If the worlds he knew were rooms standing side by side, then the Daughter would have torn a hole through stone and mortar; the djinni had brought them rather into a passageway that must connect the two. Or if the worlds were tents pitched close together, the Daughter was a blade to slice through woven walls, where the djinni preferred — through good manners or lack of strength or sheer wilfulness, he couldn't say — to give its companions a glimpse of the desert as it led them out and in.

It was a dark and a chill and an inhospitable place, and Marron wanted no more of it. Would have preferred less, indeed, and a great deal less by the time he felt a bitter wind scour his skin, solid as a wall to lean against, stronger than Jemel though far less warm or welcoming. He turned his head upward and saw the stars like a glory, like a blaze of sparks strewn across the sky. This was his own world, they'd come back to it at night and but for the wind he'd not have felt the change from one cold darkness to another.

There was no sign of life below them. That was no surprise, though. The Sands were wide and the tribes were scattered, unless they were still grouped somewhere near Rhabat. The Sharai were as sparing of their fuel as they were of everything; Marron thought he could pass above an army and barely be aware of it.

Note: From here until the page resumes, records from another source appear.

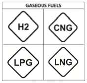 - il rombo identifica il carburante gassoso, accompagnato dalle sigle H2, CNG, LPG e LNG
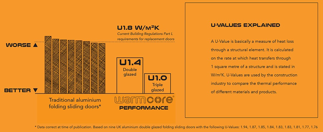 Using standard double glazing the WarmCore folding sliding door achieves a U-value of 1.5, with U-values as low as 1.0 achievable using 44mm triple glazing. The advantage against traditional aluminium doors is clear, with many struggling to meet current legislation.
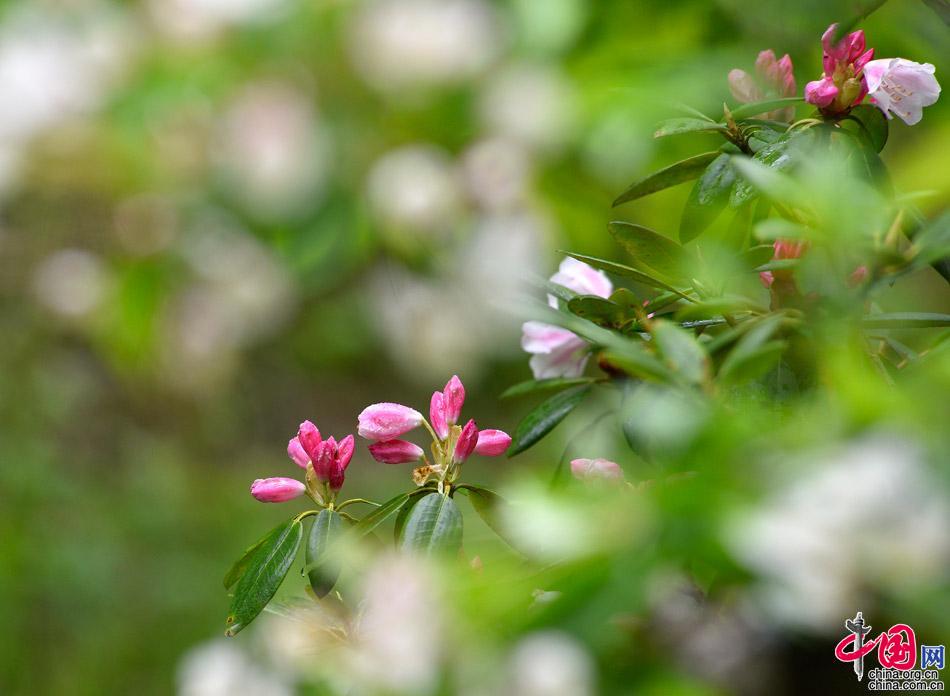3、拍攝時要盡量尋找有能突顯黃山春色的花或嫩葉做前景,拍攝出春意盎然的畫面。
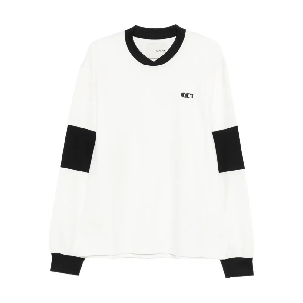 белый свитер с круглым вырезом, длинными рукавами, контрастными вставками на рукавах, ребристыми краями, трикотажной вязкой
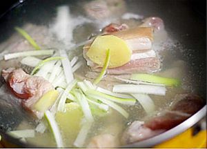 五花肉切块洗净,凉水下锅,加姜片黄酒焯水。

He braced himself against the wind of their hurry, locked his arms around Jemel and kept his eyes fixed on the ground so far below. He could make out undulations in the sand that must be great dunes to those who had to cross them, that looked like mere ripples to him; he could see occasional breaks in the smooth still flow, that must mark an outcrop of rock; he thought he could see a glimmering mirror to the east, that ought to be the Dead Waters trapping the image of the stars above, as they had trapped this djinni that carried him now.

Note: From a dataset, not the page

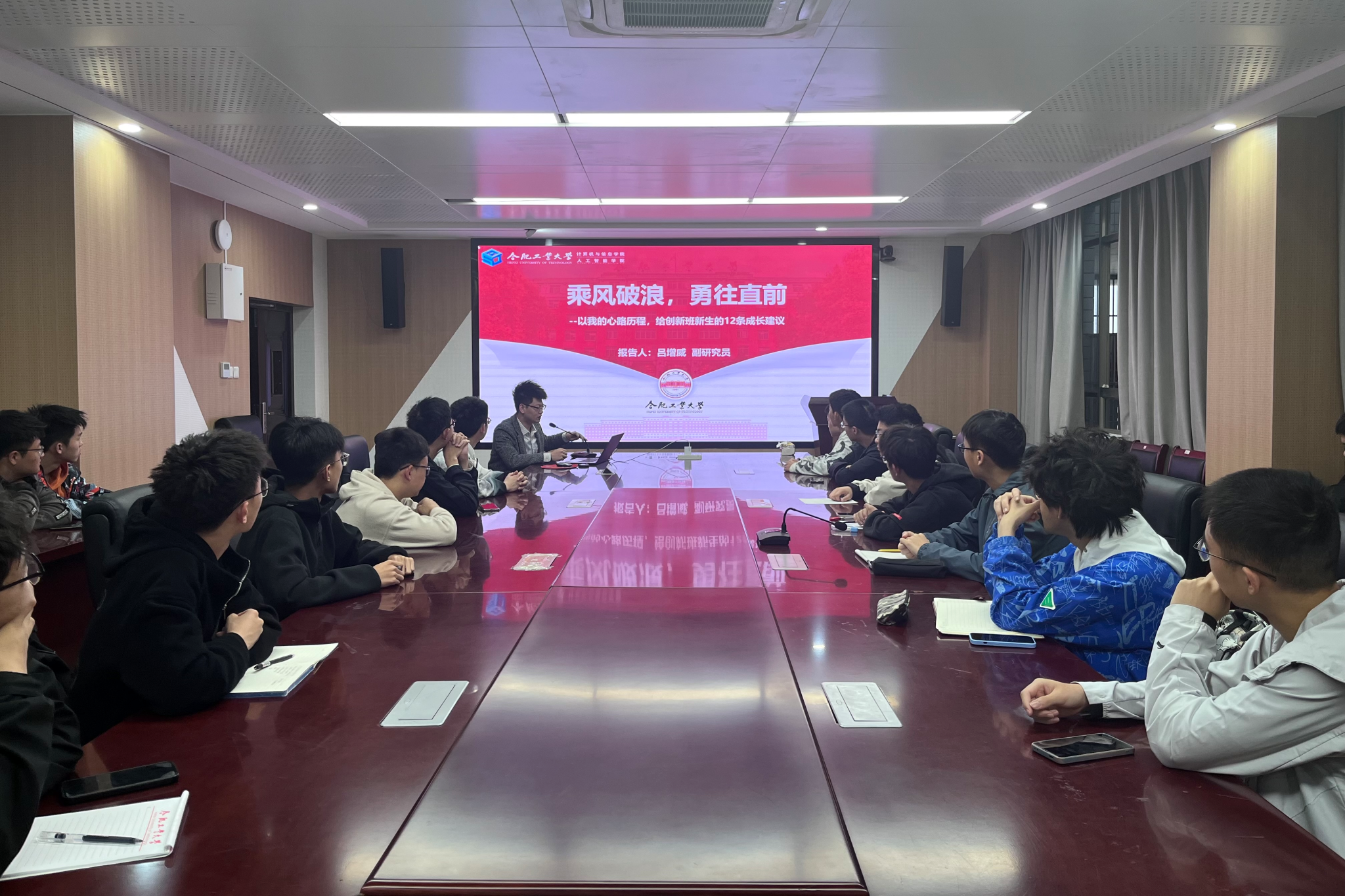 吕增威以《乘风破浪,勇往直前》为题,从个人参赛经历切入,针对与会学生感兴趣的学科竞赛、创新竞赛和创业竞赛展开分析,梳理了以三大赛事为主的A、B类赛事,鼓励学生积极参加第二课堂,培养兴趣驱动能力,树立正确的竞赛观、成绩观。勉励学生在学习成长过程中既要重方略也要重行动,既讲耐心也要讲效率,既有方向感也要有紧迫感,厚积薄发、戒骄戒躁,在实践中体悟科研的魅力。

Rhabat was there, on the further side of that inland sea. Marron hadn't thought, hadn't had time to think where this chase might have taken Elisande already. The answer it seemed was a great distance, and westerly. Westerly, of course, lay Outremer; almost directly west of Rhabat lay Elisande's own home. Surayon, the Folded Land, the state that hid itself
...
Marron thought that perhaps Elisande would not be welcoming the direction of this hunt, if it led other eyes to look towards Surayon.